Task requirements → All that is needed is the first stretch of the listing below, repeated exactly and ending with the line that contains "Step into a". Pictures are to be left out.

Information shown →
Segment Open

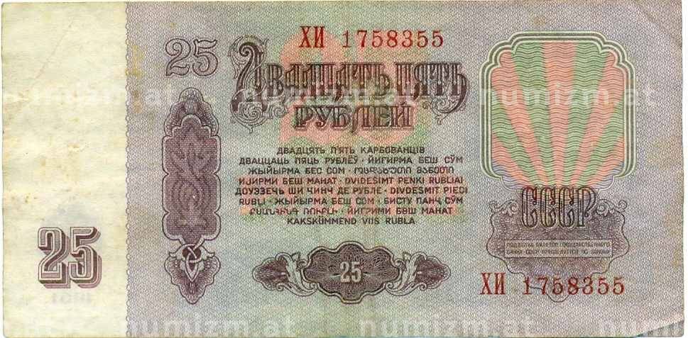 • Банкнота 25 рублей 1961 года (Артикул: K12-47270) — Фото №1 Банкнота 25 рублей 1961 года (Артикул: K12-47270) — Фото №2
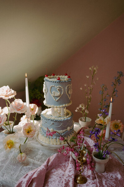 Step into a world where retro nostalgia meets modern flair. From chocolate swan cake toppers to statement-making florals and ever-changing dresses, this shoot is bursting with creativity and charm.
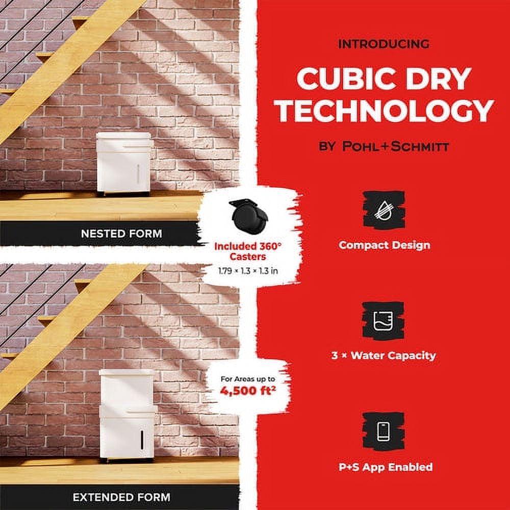 Lift and Twist Dehumidifier This Pohl Schmitt 4500 Sq Ft Cube Dehumidifier with Cubic Dry Technology has a unique lift-and-twist design. Raise and rotate to transform it into its extended form to enjoy a bigger water tank capacity and a longer running time without the need for frequent draining! In nested form, it becomes compact and easy to store. Energy Star s Most Efficient for 2021 Recognized by Energy Star as one of the most efficient portable dehumidifiers for 2021. It costs less to operate, delivers more value, and is better for the environment than non-Energy Star units. WiFi Enabled for Smart Humidity Control This is a WiFi enabled dehumidifier that lets you monitor the humidity level in the room real-time. Just download our app on your smartphone, follow instructions, and start monitoring! You can also take control through the LED control panel: power the unit on or off, set the timer, adjust the fill level, activate Continuous Dehumidifying mode, etc. Easy to Transport with 360° Casters Moving this appliance from one room to another is effortless as it has 360° casters. Just roll those casters to different rooms within your home such as your bedroom, living room, kitchen, bathroom, and laundry room. No lifting required! Quiet Operation With a noise level of 48 dB, this dehumidifier quietly runs in the background. Comfortably sleep, work, study, or go about your day even with this unit turned on. You won t even notice it s there!

Segment Closed

Response to the exercise →
 • Банкнота 25 рублей 1961 года (Артикул: K12-47270) — Фото №1 Банкнота 25 рублей 1961 года (Артикул: K12-47270) — Фото №2
 Step into a world where retro nostalgia meets modern flair. From chocolate swan cake toppers to statement-making florals and ever-changing dresses, this shoot is bursting with creativity and charm.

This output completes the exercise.